1994 Southland Conference baseball tournament
- Teams: 4
- Format: Double-elimination
- Finals site: H. Alvin Brown–C. C. Stroud Field; Natchitoches, Louisiana;
- Champions: Texas–San Antonio (1st title)
- Winning coach: Jimmy Shankle (1st title)
- MVP: Scott Pederson (Texas–San Antonio)

= 1994 Southland Conference baseball tournament =

The 1994 Southland Conference baseball tournament was held from May 15 to 19, 1994 to determine the champion of the Southland Conference in the sport of college baseball for the 1994 season. The event pitted the top four finishers from the conference's regular season in a double-elimination tournament held at H. Alvin Brown–C. C. Stroud Field on the campus of Northwestern State in Natchitoches, Louisiana. Third-seeded won their first championship and claimed the automatic bid to the 1994 NCAA Division I baseball tournament.

==Seeding and format==
The top four finishers from the regular season were seeded one through four. They played a double-elimination tournament.
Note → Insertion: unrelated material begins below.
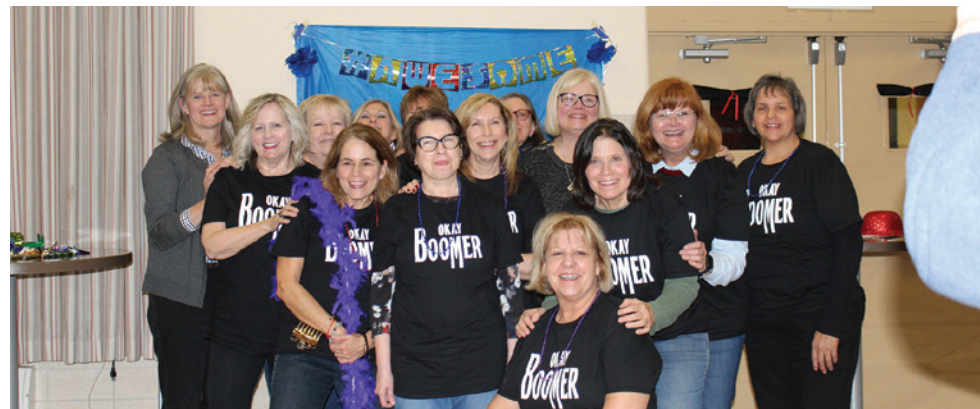
MHS class of 1977 enjoying the fun at Trivia Night.

The second annual Trivia Night welcomed over 175 guests on February 29 at Resurrection High School. Alumnae and friends gathered with Madonna scholar families for the friendly competition. While enjoying food and drinks and meeting old friends, teams tested their trivia knowledge to benefit the Madonna Foundation. Save the date (February 27, 2021) for next year's Trivia Night and get your team together! Thank you, Resurrection High School for hosting and the MHS Alumnae planning committee for creating this fun-filled night!

| Team | W | L | T | Pct | Seed |
|---|---|---|---|---|---|
| Northwestern State | 16 | 5 | .762 | — | 1 |
| Sam Houston State | 15 | 9 | .625 | 2.5 | 2 |
| Texas–San Antonio | 12 | 8 | .600 | 3.5 | 3 |
| McNeese State | 13 | 9 | .591 | 3.5 | 4 |
| Texas–Arlington | 13 | 11 | .542 | 4.5 | — |
| Nicholls State | 11 | 13 | .458 | 6.5 | — |
| Southwest Texas State | 10 | 13 | .435 | 7 | — |
| Stephen F. Austin | 7 | 17 | .292 | 10.5 | — |
| Northeast Louisiana | 6 | 18 | .250 | 11.5 | — |

==All-Tournament Team==
The following players were named to the All-Tournament Team.

| Pos. | Name | School |
| P | Jeff Hutzler | Texas–San Antonio |
| Keith Moore | Northwestern State |
| C | Scotty Stafford | Northwestern State |
| 1B | Brent Houtchens | Texas–San Antonio |
| 2B | Damon Rapp | McNeese State |
| 3B | Matt Donner | Northwestern State |
| SS | Brad Duncan | Northwestern State |
| OF | Scott Pederson | Texas–San Antonio |
| Jason Lecronier | McNeese State |
| Marco Guajardo | Northwestern State |
| DH | Tony Gee | Texas–San Antonio |

===Most Valuable Player===
Scott Pederson was named Tournament Most Valuable Player. Pederson was an outfielder for Texas–San Antonio.